**Information shown**
•••

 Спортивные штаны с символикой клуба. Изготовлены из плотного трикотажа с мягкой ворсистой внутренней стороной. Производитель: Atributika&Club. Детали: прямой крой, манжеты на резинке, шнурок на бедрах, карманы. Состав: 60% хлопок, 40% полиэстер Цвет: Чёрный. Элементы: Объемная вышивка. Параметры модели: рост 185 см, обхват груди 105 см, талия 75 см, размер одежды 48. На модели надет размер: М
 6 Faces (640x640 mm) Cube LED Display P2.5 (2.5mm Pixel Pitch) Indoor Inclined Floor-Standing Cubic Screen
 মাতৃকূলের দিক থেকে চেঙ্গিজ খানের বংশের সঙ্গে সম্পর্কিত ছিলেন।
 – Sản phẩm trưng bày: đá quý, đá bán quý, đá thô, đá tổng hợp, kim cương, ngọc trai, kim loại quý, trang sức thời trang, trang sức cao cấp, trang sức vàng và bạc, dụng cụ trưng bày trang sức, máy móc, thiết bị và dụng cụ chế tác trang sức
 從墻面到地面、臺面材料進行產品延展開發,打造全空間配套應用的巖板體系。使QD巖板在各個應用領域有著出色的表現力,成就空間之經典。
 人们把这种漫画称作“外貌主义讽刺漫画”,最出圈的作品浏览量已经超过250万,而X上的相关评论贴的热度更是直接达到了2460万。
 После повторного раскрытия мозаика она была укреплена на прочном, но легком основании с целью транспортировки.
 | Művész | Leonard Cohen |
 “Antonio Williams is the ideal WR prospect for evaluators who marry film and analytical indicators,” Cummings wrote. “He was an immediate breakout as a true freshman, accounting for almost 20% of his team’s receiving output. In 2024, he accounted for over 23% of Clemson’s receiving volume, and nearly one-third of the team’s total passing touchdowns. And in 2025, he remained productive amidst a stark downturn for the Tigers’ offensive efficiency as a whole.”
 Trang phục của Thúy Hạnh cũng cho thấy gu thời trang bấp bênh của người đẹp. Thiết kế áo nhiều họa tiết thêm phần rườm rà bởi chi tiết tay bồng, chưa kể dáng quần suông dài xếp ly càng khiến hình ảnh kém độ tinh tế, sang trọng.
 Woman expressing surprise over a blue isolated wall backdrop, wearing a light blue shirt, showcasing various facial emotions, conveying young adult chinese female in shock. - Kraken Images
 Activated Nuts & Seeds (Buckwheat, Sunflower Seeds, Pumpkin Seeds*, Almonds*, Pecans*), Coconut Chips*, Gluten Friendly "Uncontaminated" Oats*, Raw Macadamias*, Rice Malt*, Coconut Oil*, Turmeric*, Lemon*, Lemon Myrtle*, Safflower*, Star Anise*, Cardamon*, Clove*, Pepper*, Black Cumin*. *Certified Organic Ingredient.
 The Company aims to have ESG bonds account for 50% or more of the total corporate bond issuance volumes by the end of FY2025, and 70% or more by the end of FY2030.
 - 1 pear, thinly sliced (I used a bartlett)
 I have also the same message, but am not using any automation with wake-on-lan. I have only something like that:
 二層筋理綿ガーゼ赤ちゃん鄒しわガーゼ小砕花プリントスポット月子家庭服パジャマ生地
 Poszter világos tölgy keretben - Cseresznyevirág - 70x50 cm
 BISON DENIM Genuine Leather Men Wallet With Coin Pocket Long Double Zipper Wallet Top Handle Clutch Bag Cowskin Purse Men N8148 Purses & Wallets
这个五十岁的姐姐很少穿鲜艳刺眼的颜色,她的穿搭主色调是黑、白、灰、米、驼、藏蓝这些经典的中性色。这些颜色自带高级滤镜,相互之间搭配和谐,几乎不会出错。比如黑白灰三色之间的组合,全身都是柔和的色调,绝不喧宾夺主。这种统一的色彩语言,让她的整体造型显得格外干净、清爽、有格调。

•••

**Exercise prompt**
Would you repeat all of the data above, word for word?

**Problem solution**
 Спортивные штаны с символикой клуба. Изготовлены из плотного трикотажа с мягкой ворсистой внутренней стороной. Производитель: Atributika&Club. Детали: прямой крой, манжеты на резинке, шнурок на бедрах, карманы. Состав: 60% хлопок, 40% полиэстер Цвет: Чёрный. Элементы: Объемная вышивка. Параметры модели: рост 185 см, обхват груди 105 см, талия 75 см, размер одежды 48. На модели надет размер: М
 6 Faces (640x640 mm) Cube LED Display P2.5 (2.5mm Pixel Pitch) Indoor Inclined Floor-Standing Cubic Screen
 মাতৃকূলের দিক থেকে চেঙ্গিজ খানের বংশের সঙ্গে সম্পর্কিত ছিলেন।
 – Sản phẩm trưng bày: đá quý, đá bán quý, đá thô, đá tổng hợp, kim cương, ngọc trai, kim loại quý, trang sức thời trang, trang sức cao cấp, trang sức vàng và bạc, dụng cụ trưng bày trang sức, máy móc, thiết bị và dụng cụ chế tác trang sức
 從墻面到地面、臺面材料進行產品延展開發,打造全空間配套應用的巖板體系。使QD巖板在各個應用領域有著出色的表現力,成就空間之經典。
 人们把这种漫画称作“外貌主义讽刺漫画”,最出圈的作品浏览量已经超过250万,而X上的相关评论贴的热度更是直接达到了2460万。
 После повторного раскрытия мозаика она была укреплена на прочном, но легком основании с целью транспортировки.
 | Művész | Leonard Cohen |
 “Antonio Williams is the ideal WR prospect for evaluators who marry film and analytical indicators,” Cummings wrote. “He was an immediate breakout as a true freshman, accounting for almost 20% of his team’s receiving output. In 2024, he accounted for over 23% of Clemson’s receiving volume, and nearly one-third of the team’s total passing touchdowns. And in 2025, he remained productive amidst a stark downturn for the Tigers’ offensive efficiency as a whole.”
 Trang phục của Thúy Hạnh cũng cho thấy gu thời trang bấp bênh của người đẹp. Thiết kế áo nhiều họa tiết thêm phần rườm rà bởi chi tiết tay bồng, chưa kể dáng quần suông dài xếp ly càng khiến hình ảnh kém độ tinh tế, sang trọng.
 Woman expressing surprise over a blue isolated wall backdrop, wearing a light blue shirt, showcasing various facial emotions, conveying young adult chinese female in shock. - Kraken Images
 Activated Nuts & Seeds (Buckwheat, Sunflower Seeds, Pumpkin Seeds*, Almonds*, Pecans*), Coconut Chips*, Gluten Friendly "Uncontaminated" Oats*, Raw Macadamias*, Rice Malt*, Coconut Oil*, Turmeric*, Lemon*, Lemon Myrtle*, Safflower*, Star Anise*, Cardamon*, Clove*, Pepper*, Black Cumin*. *Certified Organic Ingredient.
 The Company aims to have ESG bonds account for 50% or more of the total corporate bond issuance volumes by the end of FY2025, and 70% or more by the end of FY2030.
 - 1 pear, thinly sliced (I used a bartlett)
 I have also the same message, but am not using any automation with wake-on-lan. I have only something like that:
 二層筋理綿ガーゼ赤ちゃん鄒しわガーゼ小砕花プリントスポット月子家庭服パジャマ生地
 Poszter világos tölgy keretben - Cseresznyevirág - 70x50 cm
 BISON DENIM Genuine Leather Men Wallet With Coin Pocket Long Double Zipper Wallet Top Handle Clutch Bag Cowskin Purse Men N8148 Purses & Wallets
这个五十岁的姐姐很少穿鲜艳刺眼的颜色,她的穿搭主色调是黑、白、灰、米、驼、藏蓝这些经典的中性色。这些颜色自带高级滤镜,相互之间搭配和谐,几乎不会出错。比如黑白灰三色之间的组合,全身都是柔和的色调,绝不喧宾夺主。这种统一的色彩语言,让她的整体造型显得格外干净、清爽、有格调。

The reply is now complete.